The results from the analysis are shown in Output 3.2.1 and Output 3.2.2. Note the names of the markers that are used.

Output 3.2.1: Summary of SNPs for the ALLELE Procedure

The ALLELE Procedure

Marker Summary
Locus Number
of
Indiv
Number
of
Alleles
Polymorph
Info
Content
Heterozygosity Allelic
Diversity
Test for HWE
Chi-
Square
DF Pr > ChiSq
SNP1 44 1 0.0000 0.0000 0.0000 0.0000 0 .
SNP2 44 2 0.1190 0.0909 0.1271 3.5627 1 0.0591
SNP3 41 2 0.3283 0.4390 0.4140 0.1493 1 0.6992
SNP4 43 2 0.3728 0.4884 0.4957 0.0093 1 0.9231
SNP5 44 1 0.0000 0.0000 0.0000 0.0000 0 .
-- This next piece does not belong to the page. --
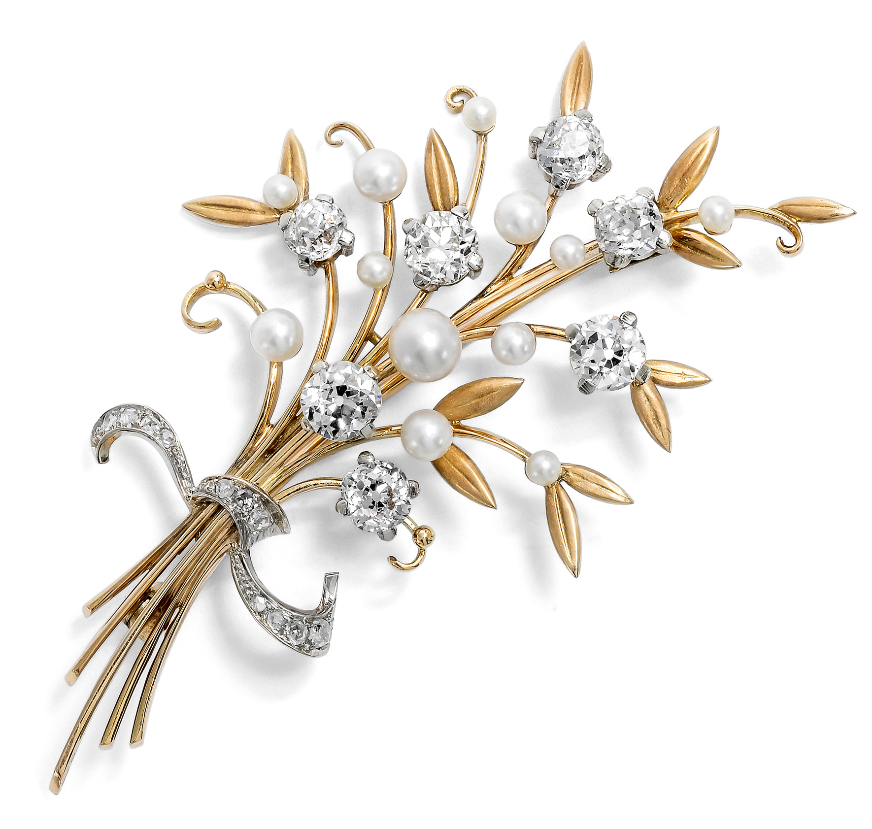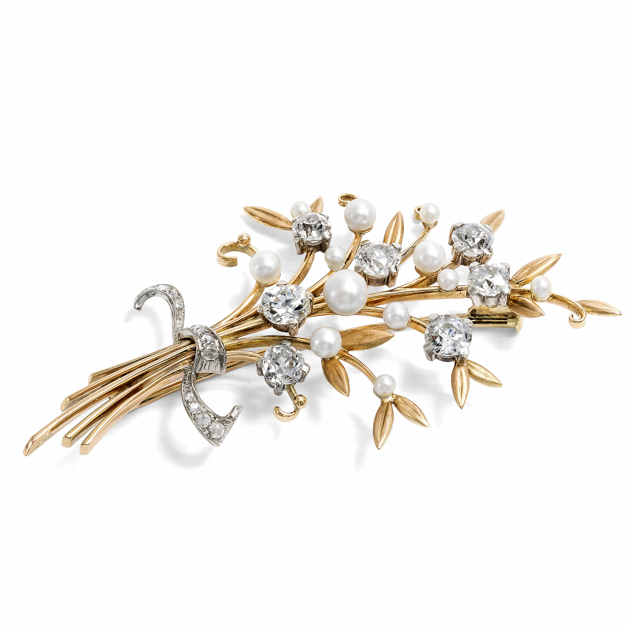 Schon lange sind Blumenmotive als Brosche bekannt. Bereits im 18. Jahrhundert schmückten sich die Hofdamen des Rokoko mit Korsagenornamenten in Blütenformen, besetzt mit Edelsteinen oder funkelndem Glas. Auch das viktorianische Zeitalter, die Belle Époque und das Art Déco passten florale Arrangements jeweils der vorherrschenden Ästhetik an. So überrascht es nicht, das alte Thema hier nun auch im Stil der Jahre um 1950 wiederzufinden. Typisch für diesen sogenannten „Retro Style“ des Midcentury sind körperhafte Entwürfe aus Gold mit Diamant-Akzenten, wie wir sie auch bei dieser Brosche sehen. Schimmernde Perlen und sieben große Diamanten im historischen Altschliff bilden die Blüten. Blätter, Stiele und das umschließende Band sind aus warm glänzendem Gold gefertigt. Allein die Diamanten sind in Weißgold gefasst. Trotz der Größe der Brosche wirkt diese nicht überbordend schwer, denn die Blätter sind schmal und die Stängel aus goldenen Drähten luftig entworfen. Und noch eines ist ganz typisch für die Entstehungszeit der Brosche: Die asymmetrisch angelegte Form ist ein charakteristischer Zug der Nachkriegszeit, denn erst dann setzte sich jene Art durch, Broschen zu tragen, wie wir sie heute am besten kennen: Seitlich unter der Schulter, auf einer Jacke oder einem Kleid. Zuvor waren Broschen oft symmetrisch angelegt, denn sie waren dazu bestimmt, mittig auf der Korsage oder am Kragen einer Bluse getragen zu werden. Laut Stempelung ist das Schmuckstück in Wien gefertigt worden. Ein unabhängiges Gutachten hat die Qualität der verwendeten Materialien bestätigt.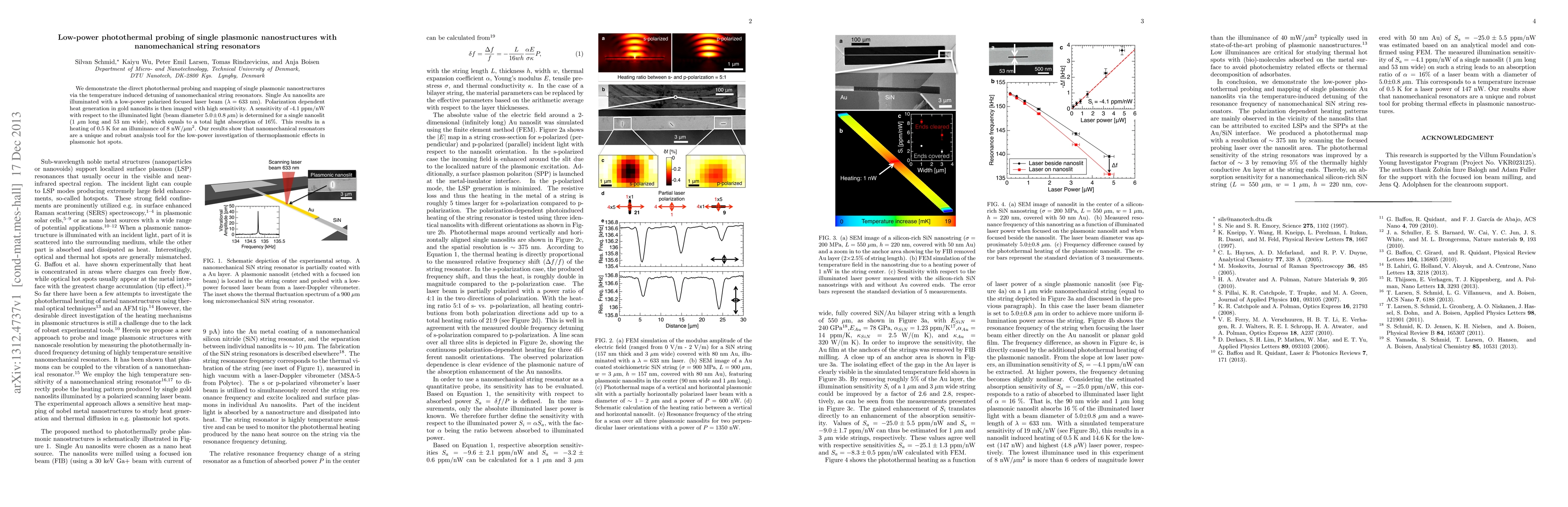 This research demonstrates the use of nanomechanical string resonators to directly probe and map the thermoplasmonic effects in single plasmonic nanoslits with low-power laser illumination. The study achieves a sensitivity of 4.1 ppm/nW, revealing a heating of 0.5 K from an illuminance of 8 nW/μm², indicating the effectiveness of nanomechanical resonators for low-power thermoplasmonic analysis.

There are two SNPs that have only one allele appearing in the data.

Output 3.2.2: Linkage Disequilibrium Measures for SNPs Using the ALLELE Procedure

Linkage Disequilibrium Measures
Locus1 Locus2 Number
of
Indiv
Haplotype Frequency LD
Coeff
Corr
Coeff
Lewontin's
D'
SNP1 SNP2 44 2-1 0.0682 0.0000 . .
SNP1 SNP2 44 2-2 0.9318 0.0000 . .
SNP1 SNP3 41 2-1 0.2927 0.0000 . .
SNP1 SNP3 41 2-2 0.7073 0.0000 . .
SNP1 SNP4 43 2-1 0.5465 0.0000 . .
SNP1 SNP4 43 2-2 0.4535 0.0000 . .
SNP1 SNP5 44 2-2 1.0000 0.0000 . .
SNP2 SNP3 41 1-2 0.0732 0.0214 0.1807 1.0000
SNP2 SNP3 41 2-1 0.2927 0.0214 0.1807 1.0000
SNP2 SNP3 41 2-2 0.6341 -0.0214 -0.1807 -1.0000
SNP2 SNP4 43 1-1 0.0331 -0.0050 -0.0398 -0.1322
SNP2 SNP4 43 1-2 0.0367 0.0050 0.0398 0.1322
SNP2 SNP4 43 2-1 0.5134 0.0050 0.0398 0.1322
SNP2 SNP4 43 2-2 0.4168 -0.0050 -0.0398 -0.1322
SNP2 SNP5 44 1-2 0.0682 0.0000 . .
SNP2 SNP5 44 2-2 0.9318 0.0000 . .
SNP3 SNP4 40 1-1 0.2221 0.0608 0.2661 0.4382
SNP3 SNP4 40 1-2 0.0779 -0.0608 -0.2661 -0.4382
SNP3 SNP4 40 2-1 0.3154 -0.0608 -0.2661 -0.4382
SNP3 SNP4 40 2-2 0.3846 0.0608 0.2661 0.4382
SNP3 SNP5 41 1-2 0.2927 0.0000 . .
SNP3 SNP5 41 2-2 0.7073 0.0000 . .
SNP4 SNP5 43 1-2 0.5465 0.0000 . .
SNP4 SNP5 43 2-2 0.4535 0.0000 . .


In Output 3.2.2, the values for the linkage disequilibrium measures are missing for several haplotypes; this occurs when there is only one allele at one of the markers contained in the haplotype, and thus the denominators for these measures are zero. Also note that when the markers are biallelic, the gametic disequilibria have the same absolute values for all four possible haplotypes.